Economists tremble at the appellation’s very utterance. Politicians descend into denial at the term’s deployment in the mainstream media. And, when the “R-word” hovers into view, regular folks batten down the hatches and check the condition of their rainy day funds stored neatly under their mattresses.
But are recessions really all bad, after all?
Sure, they tend to increase the amount of joblessness in society. They devalue personal savings and investments. They dampen business opportunities, and they generate the sort of fear and loathing that a 100-year blizzard often engenders.
Now that Canada is in one (a recession, that is), despite protestations to the contrary of our fearless, federal leaders, we might properly expect a slow, agonizing grind in the months, or even years, ahead.
Still, it ain’t necessarily so.
According to an item on the investopedia website, posted by financial writer Chris Seabury, recessions enable economies to “clean out the excesses. During this process, inventories drop to more normal levels, allowing the economy to experience long-term growth as demand for products picks back up.”
What’s more, these cyclical downturns – typically identified after the gross domestic product shrinks in two consecutive months – have an almost refreshing, levelling effect. As Mr. Seabury writes, “Recessions. . .help keep economic growth balanced. If the economy grew unchecked at an expansionist rate for many years, this could lead to uncontrolled inflation. By having recessions. . .consumers are forced to cut back in response to falling wages. These falling wages force prices to drop, creating a situation in which the economy can grow at normal levels without having prices run away.”
They can also “create massive buying opportunities in huge asset classes. As the economy runs its course, the markets will readjust to an expanding economy.”
Notably, perhaps, “economic hardship can create a change in the mindset of consumers. . .(who) stop trying to live above their means (but) within the income they have. This generally causes the national savings rate to rise and allows investments in the economy to increase once again.”
In fact, writes Stijn Claessens and M. Ayhan Kose in the International Monetary Fund’s research department, “There were 122 completed recessions in 21 advanced economies over the 1960–2007 period. Although this sounds like a lot, recessions do not happen frequently. Indeed, the proportion of time spent in recession – measured by the percentage of quarters a country was in recession over the full sample period – was typically about 10 per cent.”

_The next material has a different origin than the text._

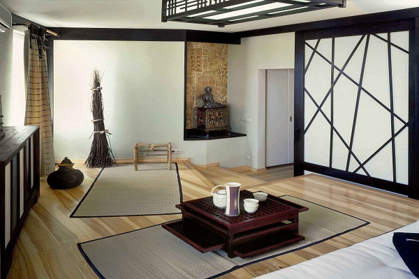 Современный японский интерьер, выполненный в соответствии с европейскими представлениями имеет следующие особенности:

So while recessions can clean out the pipes and tune up the engine of any economy, they don’t last forever, even if it only seems that way.
In my adult life, I’ve gamely weathered four downtowns – 1981-82; 1991-1993; 2000-2001; and 2008-2009. They didn’t kill me. In fact, I might even say, they made me stronger. Certainly, they made me smarter about debt, equity, and never taking anything for granted in the precarious, capricious world of money management and the revolving doors of the labour market.
None of which is to say that economic dislocation is preferable to long-term stability. Still, it’s worth noting that droves of Canadians endure near-permanent states of recession thanks to patently unfair, negligent policies of various governments at every level.
And, as this country appears to be heading into another one of its multi-month, economic head colds, only the mighty among us will truly fall.
In this company, of course, belong politicians who overpromise and underestimate their own power to affect the course of human affairs just in time for a general election.
They do, indeed, need fear the “R-word”.
I strongly object to this. It is Austrian pseudo economic nonsense. It is akin to trying to rectify a family’s finances by reducing how much they work or by forcing them into unemployment so they “change their mindset” about being able to buy stuff.
It creates long lasting damage to people not only during the period of underemployment but long after through loss of skills, loss of retirement funds and general divestment in their own welfare.